Prompt:
From the listing below, restate word for word the lines from the line containing "스마트시티란 도시행정, 교육, 복지" down through the line containing "Connect the monitor". Exclude pictures.

● ● ●

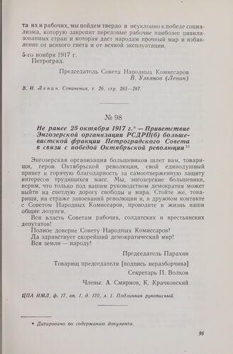 Не ранее 25 октября 1917 г. — Приветствие Энгозерской организации РСДРП(б) большевистской фракции Петроградского Совета в связи с победой Октябрьской революции // ЦПА ИМЛ, ф. 17, оп. 1, д. 170, л. 1. Подлинник рукописный.
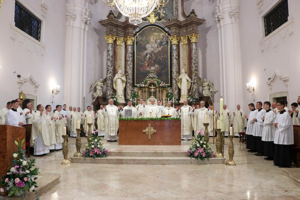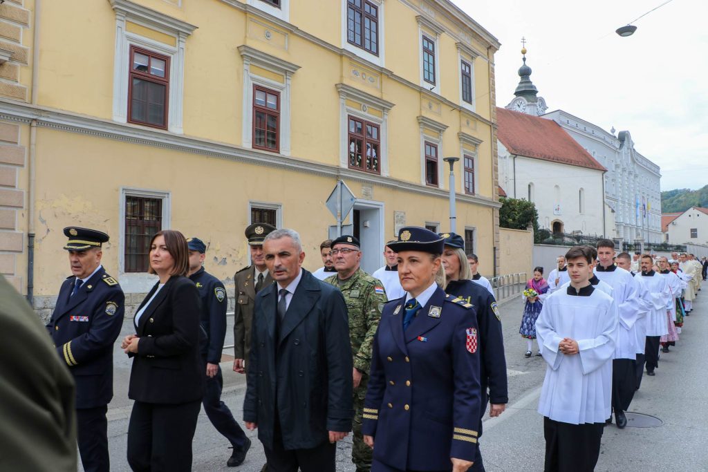 Pozdravio je potom kanonike Stolnog kaptola sv. Petra, svećenike iz župa grada Požege i Katedralnog arhiđakonata te središnjih biskupijskih ustanova na čelu s generalnim vikarom Želimirom Žuljevićem, preč. Dogana koji je predvodio trodnevnu pripravu te đakone, redovnike i redovnice, vjeroučitelje, bogoslove i pitomce požeškog Kolegija. Potom je uputio pozdrave i javnim dužnosnicima na čelu s požeškim gradonačelnikom Borislavom Miličevićem i požeško-slavonskom županicom Antonijom Jozić, predstavnicima gradskih crkvenih i civilnih udruga kao i predstavnicima Hrvatske vojske i policije. Pozdravio je i sve vjernike požeških župa, osobito djecu i mlade iz katoličkih škola zajedno s njihovim ravnateljima i profesorima.
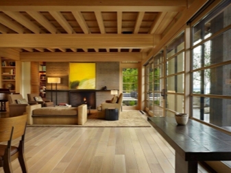 Таванните греди могат да станат не само декоративен елемент сами по себе си: удобно е да се скрие окабеляването в тях..
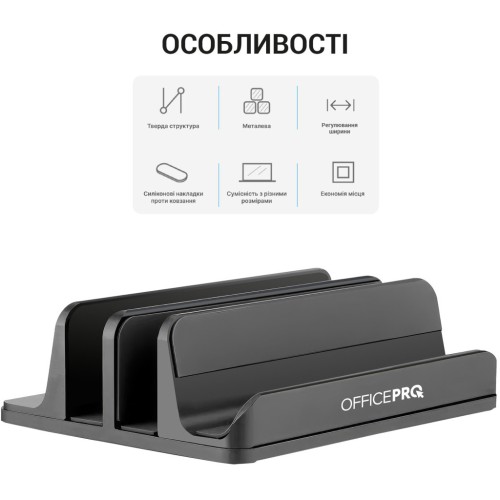 Вертикальна підставка OfficePro LS730G — ідеальне рішення для організації зберігання ноутбуків, смартфонів та планшетів різних розмірів. Завдяки регульованому широкому слоту, який варіюється від 13 до 38 мм, ви з легкістю помістите свої пристрої без зайвих клопотів.
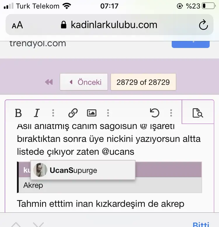 Aslı anlatmış canım sağolsun @ işareti bıraktıktan sonra üye nickini yazıyorsun altta listede çıkıyor zatenSpor ve adimlarimizi yazip etiketlemzsek spor listesine giremuyum yoksa kac gundur bosami gitti
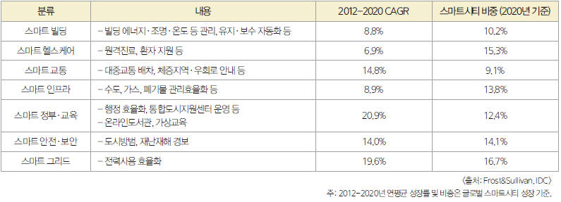 스마트시티란 도시행정, 교육, 복지 등 다양한 도시 부분에 ICT의 첨단 인프라가 적용되어 도시의 효율성을 제고하고 지속가능한 부가가치를 창출하는 도시다. 스마트빌딩, 스마트헬스케어, 스마트교통, 스마트인프라(유틸리티), 스마트 정부, 스마트 보안, 스마트그리드 등이 유기적으로 연결되어 지능형 서비스를 제공한다(표 7).
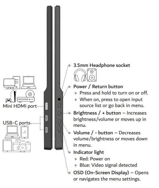 Connect the monitor to a USB-C power adapter (up to 100W).
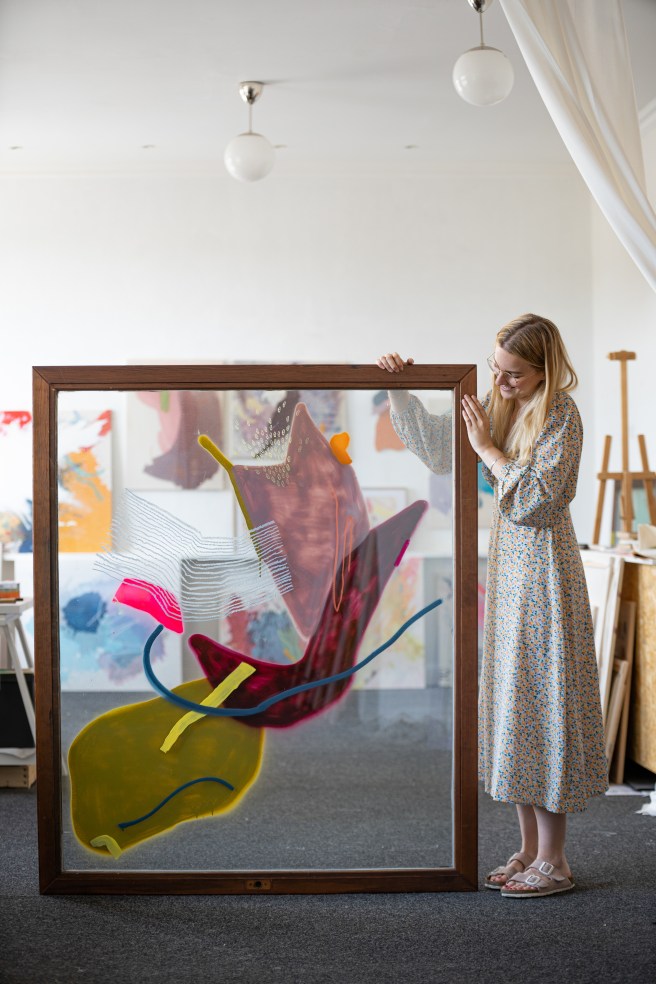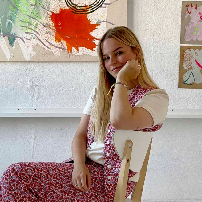 Minou Martin beschäftigt sich in ihrer aktuellen Kunst sehr stark mit Farben und Formen. Diese sind inspiriert von Gefühlen, Musik, Landschaften, Natur, Bergen oder Wasser. Ihr Arbeitsprozess ist intuitiv, sensibel und spontan. Ihre Werke erzählen eine Geschichte und laden zum langen Hinschauen und erkunden ein. Minou studiert seit 2017 Kunst an der bergischen Universität Wuppertal. Ihre Faszination für Farbe entdeckte sie aber schon in Kindertagen. Sie besuchte mit 6 Jahren eine Malschule in Wuppertal und im Laufe der Zeit standen immer wieder Aufträge an wie das Bauen und Malen von Bühnenbildern oder das Gestalten von T-shirt’s und Plakaten, Websites oder Flyern. Minou Martin ist eine junge Künstlerin, die mit Vernissagen in ihrem Atelier und Ausstellungsplätzen wie bei der WoGA 2022 neue Schritte in die Kunstlandschaft geht.
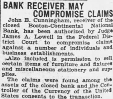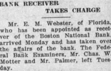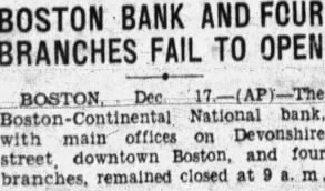 BOSTON BANK CLOSES BOSTON, Dec. National bank, offices on Devonshire main downtown Boston, and street, branches, remained closed at four today, the customary time. notice posted opening that the controller of currency had been asked to take it over to the assets, owing to conserve heavy demands by depositors. the time the consolidaAt Boston National bank tion the Continental National with the about ago the combank year bined deposits of the merged stitutions given approxi$9,500,000 and the mately bined were set at 000,000. The Continental originalthe Engineers' National was bank, but its name was changed after the Brotherhood Locomotive Engineers relinquished trol affairs. The the 13th New England bank to close its doors period of four days.
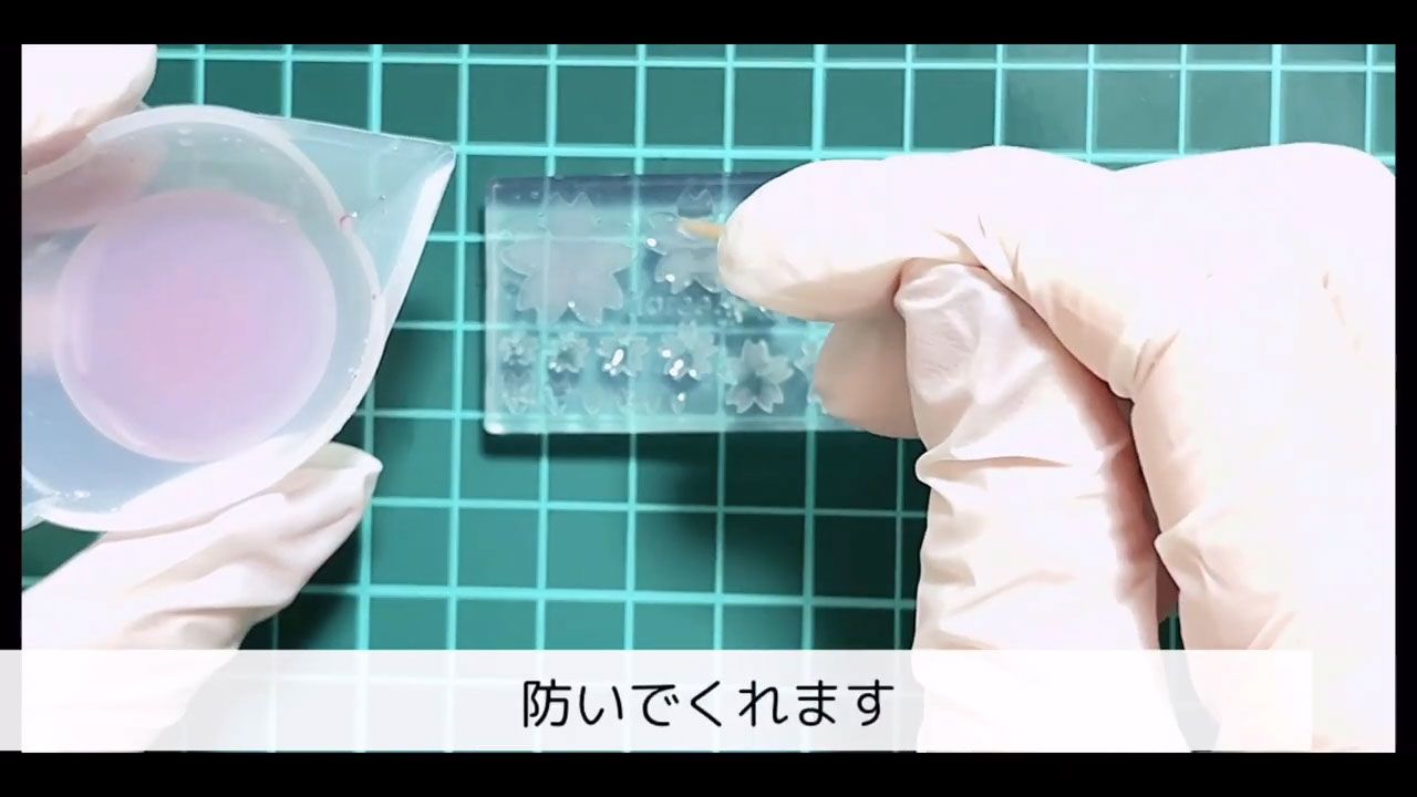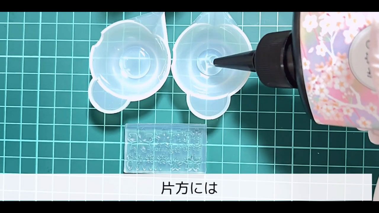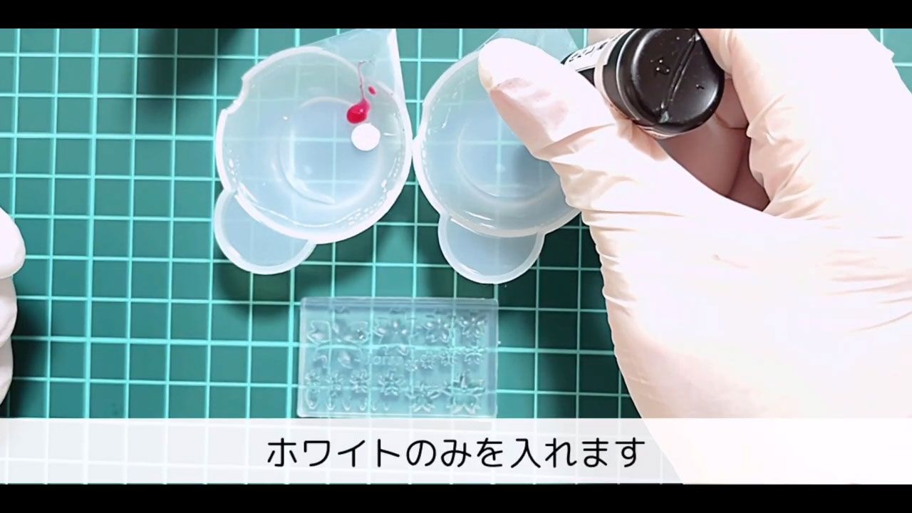 桜モールドの花びら部分に、白の着色レジンを入れます。爪楊枝やワイヤーなど、先の細いものを使うと綺麗に仕上がります。
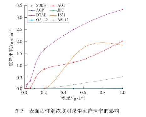從表4和圖3可以看到,在0.000 1~1 g/L的濃度范圍內(nèi),煤塵的沉降時間隨表面活性劑濃度的增大而減小,沉降速率則隨濃度的增大而增大。當(dāng)濃度小于0.005 g/L時,煤塵在8種表面活性劑溶液中的沉降時間均大于1 h,沉降速率接近于0,在溶液表面會形成一層黑色的“膜”,煤塵無法沉降。隨著表面活性劑溶液濃度增大,煤塵的沉降時間將會縮短,速率會增大,當(dāng)濃度超過臨界膠束濃度后,溶液表面張力隨濃度增加不再改變,但沉降時間會繼續(xù)縮短,沉降速率會繼續(xù)增大,這可能是由于煙煤的煤塵具有較大的比表面積和孔隙率,表面活性劑濃度的增大,更多的表面活性劑分子有機(jī)會吸附于煤塵上,加快了煤塵沉降。陰離子和非離子表面活性劑的溶液濃度對潤濕煤塵作用的影響較大,當(dāng)表面活性劑濃度從0.1 g/L增大到0.2 g/L時,煤塵在SDBS和JFC中的沉降時間分別從58.17 min和22.75 min迅速降至7.3 min和4.73 min;當(dāng)表面活性劑濃度從0.005 g/L增大到0.05 g/L時,煤塵在AOT和APG的沉降速率分別從0002 2 g/min和0.002 5 g/min迅速增至005 g/min和0.33 g/min。而在0.000 1~1.0 g/L的實(shí)驗(yàn)濃度區(qū)間內(nèi),濃度對陽離子和兩性型表面活性劑潤濕煤塵作用的影響都較小,潤濕煤塵效果較差。SDBS,AOT,APG和JFC4種表面活性劑濃度分別達(dá)到0.5,0.1,0.02和0.5 g/L時,煤塵在溶液中的沉降時間小于1 min,速率大于1.0 g/min,煤塵效果好。
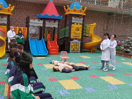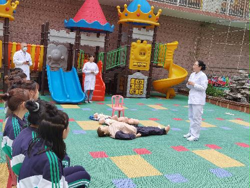 与幼儿园老师们互动 教工党支部为了加强对预备党员的培养工作,制定了详细的培养方案,要求预备党员积极参与党内的各项活动。在活动中感受教工党支部的战斗堡垒作用,在以后的工作中用自己的知识和技能为群众办实事,办好事,充分体现中国共产党为人民服务的宗旨。预备党员杨青建表示要以此次活动为契机,努力提高自身素质,更好地为广大群众服务,为群众办实事。 此次活动让更多的人学习和掌握了现场急救知识和技能,使大家在关键时刻能做到自救互救,让自己的亲人、朋友、同事等受益。今后,教工党支部会继续开展“我为群众办实事”公益志愿服务活动,在活动中把知识传授给人民群众,为社会服务的同时体现自身价值。

● ● ●

Response for this exercise:
 스마트시티란 도시행정, 교육, 복지 등 다양한 도시 부분에 ICT의 첨단 인프라가 적용되어 도시의 효율성을 제고하고 지속가능한 부가가치를 창출하는 도시다. 스마트빌딩, 스마트헬스케어, 스마트교통, 스마트인프라(유틸리티), 스마트 정부, 스마트 보안, 스마트그리드 등이 유기적으로 연결되어 지능형 서비스를 제공한다(표 7).
 Connect the monitor to a USB-C power adapter (up to 100W).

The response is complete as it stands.